Paper No. 7
Presentation Time: 9:40 AM


SCIBEK, Jacek1, BARNETT, Wayne1, BLOEM, Anton1 and MAYER, John2, (1)SRK Consulting (Canada) Inc, 22nd Floor, 1066 West Hastings Street, Vancouver, BC V6E 3X2, Canada, (2)Department of Earth Sciences, Simon Fraser University, 8888 University Drive, Burnaby, BC V5A 1S6, Canada,

The hydrogeological characteristics of fault zones can be observed at mining sites, tunnels, and other rock engineering excavations. This is because excavations in rock induce abnormally high hydraulic gradients, the effects of which are then observed as hydraulic head distributions at and near the excavations and water inflows along damage zones associated with faults and broken ground. The conduit/barrier nature of faults is often interpreted, but rarely quantified from these observations. There are large data sets, mostly unpublished, from mines and mineral exploration drilling which include fault zone descriptions of various kinds, such as excavation outcrop mappings, geologic and geotechnical core logs, geophysical imaging and hydrogeological test results. These data indicate that the correlation of fracture frequency and other discontinuity data with hydraulic conductivity (or transmissivity) of fault zones or fracture zones is usually weak – with some exceptions. By merging the published knowledge from civil engineering projects, we believe that significant improvements can be made in the understanding of the hydro-geology of faults in the mining sector.

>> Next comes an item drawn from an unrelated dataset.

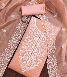Peach cotton embroidered dress material unstitched
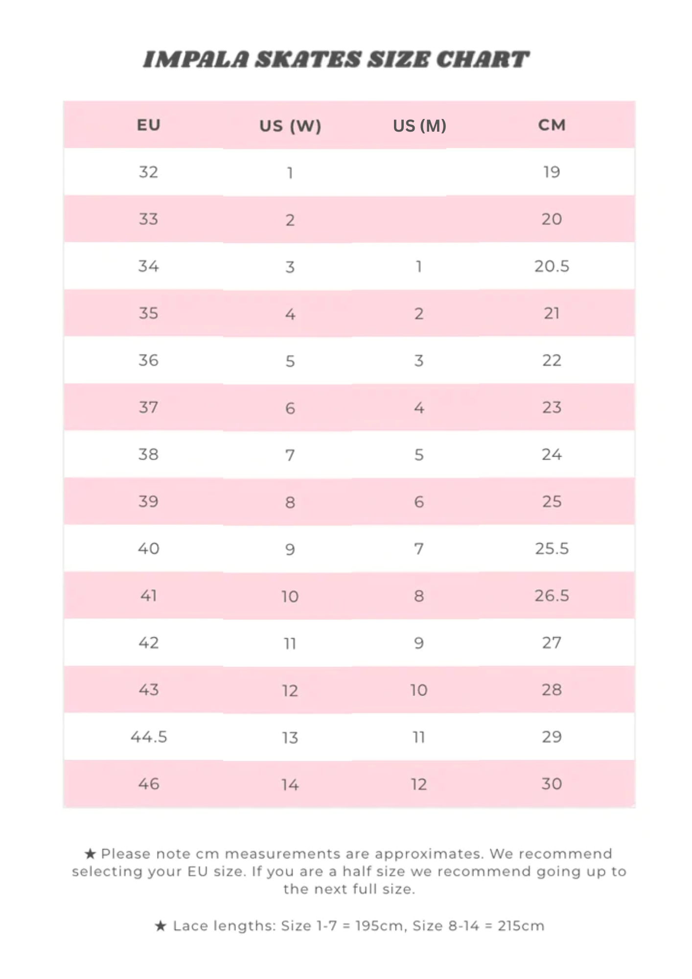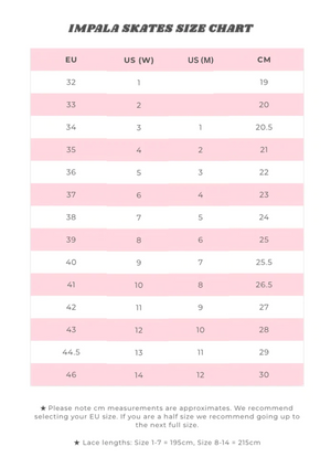 - This skate is in US ladies' sizing. Please check the size chart for your size. If unsure about sizing please stand on a ruler or tape measure, and call the shop.

To clarify the objectives and data required for a quantitative analysis of the hydrogeology of faults we present a review of published knowledge and a meta-analysis of data from selected excavation project sites. Unfortunately most studies lack data at all required scales of the project, and conceptual models are built using assumptions around the limited-scale data and applied to the entire project. We use our data to explore these assumptions. In particular, we comment on the usefulness of various data sets (typically collected during mining exploration and design studies) such as fracture counts, fracture properties, geomechanical properties, in the context of other factors that influence conductivity, such as stress variations, structural patterns/geometry, structural continuity and fault properties. We show that there are different hydrogeological responses to rock mass characteristics and structural styles.